Natural gas producers like Exxon Mobil Corp. (NYSE: XOM), Chesapeake Energy Corp. (NYSE: CHK), and EOG Resources Inc. (NYSE: EOG) have slowed production in an effort to get gas prices to rise. Coal producers like Consol Energy Inc. (NYSE: CNX), Peabody Energy Corp. (NYSE: BTU), Alpha Natural Resources Inc. (NYSE: ANR), and Arch Coal Inc. (NYSE: ACI) have also cut production, but in their case the effort was to reduce costs.
Natural gas inventories remain high, though off by about 13% from their peak in March. Lower injections into storage have helped, as have warmer temperatures in some parts of the country. But temperatures are expected to moderate and the forecast for summer does not include long periods of high temperatures. That means that natural gas inventories will enter the traditional winter drawdown period beginning in October with above average inventories again. Inventories need to drop by more than 500 billion cubic feet by the end of summer or there won’t be any place to put new production. The early estimate for inventory growth this week calls for 67-88 billion cubic feet to be added to already bulging stocks.

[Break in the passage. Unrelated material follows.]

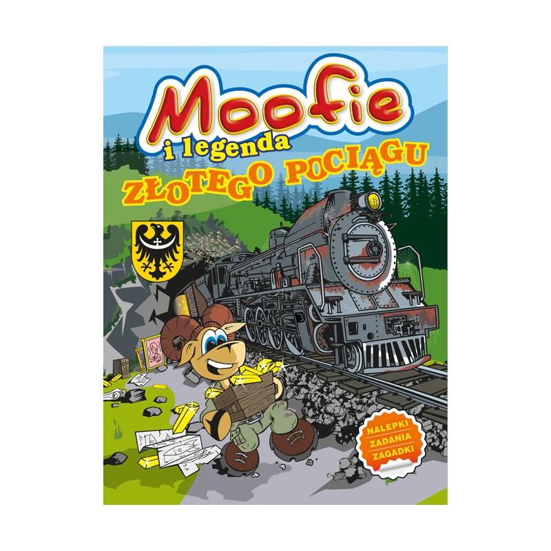 W naklejance „Moofie i legenda Złotego Pociągu” wesoły muflon – zapalony podróżnik i poszukiwacz przygód – przybliża młodemu czytelnikowi atrakcje turystyczne Dolnego Śląska. Książeczka ma charakter detektywistyczno-szpiegowski. Moofie podążając wraz z czytelnikiem śladami legendy Złotego Pociągu, wędruje od strony do strony, od miejsca do miejsca. Na każdej stronie wśród szyfrów, zadań z naklejkami, łamigłówek i rebusów ukryta jest wskazówka, której odnalezienie pozwala odsłonić następny fragment tajemniczej zagadki tego pociągu widmo i przenieść się na kolejną stronę. Na swojej drodze dociekliwy muflon spotyka sprzymierzeńców. Są nimi kret Rudi – specjalista od podziemi oraz Oksana Sówka – mieszkanka Gór Sowich. Niestety ich plany rozwikłania zagadki Złotego Pociągu próbują zniweczyć strażnicy tajemnic. Nagrodą za odnalezienie każdej wskazówki jest naklejka ze sztabką złota, którą trzeba przykleić w wyznaczonym miejscu. Wszystkich naklejek jest niemal 120! Większość to nierozłączne elementy zadań, lecz jest także kilka takich do wykorzystania według własnego uznania, np. postacie bohaterów, które dziecko może przykleić na piórnik czy zeszyt.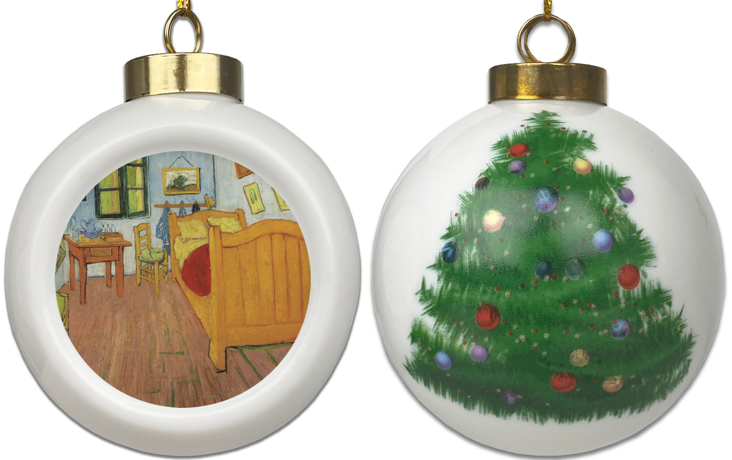 Our Christmas ornaments are a unique ceramic ball shape with a twist as it has a flat face to display your custom design! Select from one of our two design types - Christmas Tree or Poinsettia Garland - to adorn the curved back of your personal design. Each ornament measures 3H x 2.5W x 2D accompanied with a gold string accent for finishing touches to hang on your beautiful Christmas tree!

As for the coal producers, they could continue to get squeezed at natural gas price below $3.00 because generation plants that have switched to gas won’t want to switch back until they are sure that gas prices are going to remain elevated. Utility companies will drive a hard bargain on coal pricing until it’s clear that gas prices are going to remain high.
The recent modest increase in natural gas prices is not going have much impact coal production unless the price hike gets above about $3/thousand cubic feet and stays there. That does not appear likely at this point.